Oh, and by the way, you have VERY pretty cats


----------



## twokittyz (May 7, 2010)

Thanks! Yuki, the Lynx point is half the age of Kylie and yet she is the same size. Though her head is small and neck is short, she looks like a Cheetah more than a cat, it's weird. I used to just cut holes in them and leave them in the kitchen too, but Yuki loves to dive into them and they both move the boxes around. I use the 24 soda can boxes too. 
This condo is stuck together with hot glue and tape. It's too hot now-a-days because of summer, so they are very lazy cats until a cold day shows up. They lay around in the 'dead cat' position, lol. Kylie knows how to pry open the door to the basement. ^.^
But Yuki is a crazed hunter, always wanting to catch something.


----------



## Mitts & Tess (Sep 4, 2004)

Great job. Very creative! Lovely kitties too!
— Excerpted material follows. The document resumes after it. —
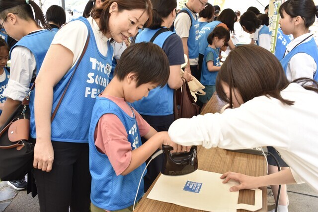 砥部町の地場産業の砥部焼は、江戸時代中ごろ、砥石(といし)製造の際に出る石くずを利用して始まりました。砥部焼に象徴される伝統文化や、自然と共に生きる持続可能な暮らしの知恵を次世代につなごう―。そんな思いを込めた「TOYOTA SOCIAL FES!!」が10月5日、砥部町千足の砥部焼観光センター炎(えん)の里で開催され、県内から親子連れら約100人が参加しました。
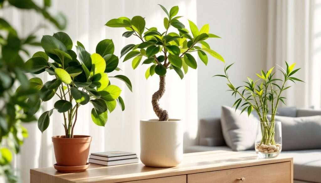 - Placement matters for both aesthetics and plant health: jade plants thrive in bright south- or west-facing windows, while lucky bamboo tolerates low-light areas like home offices or bathrooms.

Ive only done the one huge box and cut different shape holes in it for them to run thru and play in.


----------



## paperbacknovel (Jun 9, 2010)

I should start doing that! Very clever idea---and your cats are INCREDIBLY beautiful, I might add. :luv


----------



## madie (Apr 20, 2010)

secuono, so now your cats will slowly take over the living room. LOL.  
that's a neat idea....if the cats ever get 'bored' with it (as my other cat does with anything i give him), you can always chuck it away.


----------



## Vivid Dawn (May 31, 2010)

That's a nifty idea!

I got a TON of cardboard boxes donated, when I asked for some on FreeCycle to make winter shelters for the feral cats. I was thinking I would just recycle the left overs... but now I may make some condos for my indoor kitties!
Though I would paint mine, because I'm picky and don't want the look of mix-matched labels with my other furniture decor! LOL
Maybe a nice solid baby blue with little yellow flowers and/or darker blue filigree!


----------



## Ramey (Jul 11, 2010)

What a cute and inexpensive idea! I have always wanted to buy a cat condo but they are so pricey - I think I will give this a whirl! Thanks for posting and your cats ARE gorgeous!!!


----------